# Coldwater Nano



## clockworkmonkey (May 7, 2012)

I want to buy a five or two gallon tank, but I can't keep a betta because I'm worried that a heater would overheat such a small tank. I could possibly put one in a five gallon, but not a two gallon.

What would be good in the two gallon? Are there any coldwater shrimp?


----------



## pantherspawn (Dec 21, 2011)

You can use a 10 watt heater in a 2 gallon with no problems.


----------



## VJM (Feb 9, 2013)

AFA sells a very nano heater that I have used successfully in a 3g and a 2.5g.
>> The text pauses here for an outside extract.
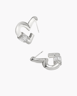 Enhance your ear stack with the Emery Heart Silver Hoop Earrings, featuring a polished metal finish inspired by the iconic Ari silhouette. These heart-shaped hoops are accented with baguette stones for a subtle yet striking sparkle.

Having said that, I really prefer 5g and over for bettas.


----------



## MummyDJ (Apr 18, 2013)

If you're set on not using a heater you can have snails which are pretty cool to watch.

You can have grass shrimp (aka, glass or ghost shrimp) commonly sold as feeders. Not very colourful and you would end up playing spot the shrimp about 10 times a day.


----------



## Couesfanatic (Sep 28, 2009)

Do you even need a heater in Georgia?


----------



## Grah the great (Jul 3, 2013)

*Pygmy sunfish and dario*

Pygmy sunfish would work if you could deal with their strict feeding requirements, and male pygmy sunfish look spectacular while breeding (my icon is a pygmy sunfish known as either _elassoma okefenokee _or _e. gilberti - _the two are nearly indistinguishable). At least some species of _Dario _could also work, although again you need to be ready to deal with the unique feeding requirements (I.E live food will be taken, frozen will likely be taken, but dry foods will rarely be taken). I'm assuming in both cases that the tank will go no lower than 60 degrees?


----------



## jpappy789 (Jul 28, 2013)

I would agree with the Elassoma, mine did ok at room temp. But I did have major issues feeding, mine could never adjust to frozen and I couldn't keep up with live food. Major mistake on my part as they are such cool fish.


----------



## clockworkmonkey (May 7, 2012)

I recently moved to Washington, actually. I just haven't updated my profile yet.

I wouldn't have needed one back in Georgia, but I'm pretty sure I'll need one up here.


----------



## Grah the great (Jul 3, 2013)

jpappy789 said:


> But I did have major issues feeding, mine could never adjust to frozen and I couldn't keep up with live food. Major mistake on my part as they are such cool fish.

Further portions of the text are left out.